昨晩、妖精が騒ぎ疲れて自らの上で寝てしまったため、ルムガルドの畔で一夜を過ごすはめになってしまった。
昨日は月の女神が湖(ルムガルドはジ・オードの古代林にある湖の一つだ)に帰って来るとの事で、森には静かな騒めきが立ちこめていた。
夕刻、女神が到着すると森中がお祭騒ぎと化し、そのまま皆疲れるまで月の女神の帰還を喜んだのだ。
俺も森の主として、出迎えねばならず、しぶしぶ出てきたが、騒ぎに巻き込まれたのもそのせいだ。
だが、木々の奴らまで騒いだんだから、本当に、森中だったのだと思う。
大半の者は住みかへ帰ったようで、湖の周りには自分達ぐらいしかいない。そもそも、一番騒いだのが妖精達なのでしかたがないだろう。

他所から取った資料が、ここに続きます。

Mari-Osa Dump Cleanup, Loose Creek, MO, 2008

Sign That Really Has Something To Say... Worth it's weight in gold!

あくまで騒いだのも自分の上で寝たのも、妖精たちの所業だ。断じて私は被害者なのだ。
「おはようございます。アクオロドス様。」
柔らかな声が頭上から響いた。
フワリ、と地面に舞い降り夜明けの朝日を見つめる。どうやら妖精たちに便乗していたらしい。月の女神ともあろう者が!

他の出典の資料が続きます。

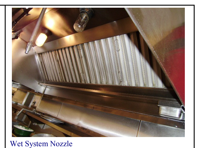
There are wet systems that are not UL300 compliant. More inspection is required to determine if the wet chemical is UL300 compliant. The label on the cylinder containing the chemical should disclose whether the chemical is UL300 compliant. Some companies have changed the look of the labels on their cylinders to more easily distinguish between wet non UL300 compliant and a wet UL300 compliant. For example, Pyro-Chem has changed their labels from being silver with black lettering to silver to blue lettering. The blue lettering is UL300 compliant while the black lettering is no UL300 compliant. However, it is best to always look for the UL300 disclosure on the label.

心の中で苦笑したつもりが、つい口元が吊り上がってしまったらしい。僅かな笑いに月の女神は反応し、穏やかな笑みを浮かべる。
「何を笑っていらっしゃるのですか?」
振り返りながら蜂蜜色(パーニャ)の髪が風に広がるように流れ、煌めく。
長い睫毛にパッチリとした目、優しげな目元と笑窪。全てを暖かく包んでくれるとともに全てに魅了される笑顔を持ち合わせている。
思わず溜息をつくのも納得できる。ホッとするのだ。
あまりの美しさに魅了されつつ。
ホッとしたのも束の間、女神が透き通るような銀の瞳に心配の色を宿らせて尋ねてきた。
「アクオロドス様?」
吊り上がっていた口からさらに笑いがもれてしまう。そんなに心配そうな顔をされても心が暖まる。
不謹慎だな。
妖精たちがモゾモゾと動き始めようとしている。ノームたちよりも噂好きでお節介なな奴等が起きる前に決着をつけよう。
「なんでもない。ただ、お前がこ奴等と共に寝ていたかと思うとな。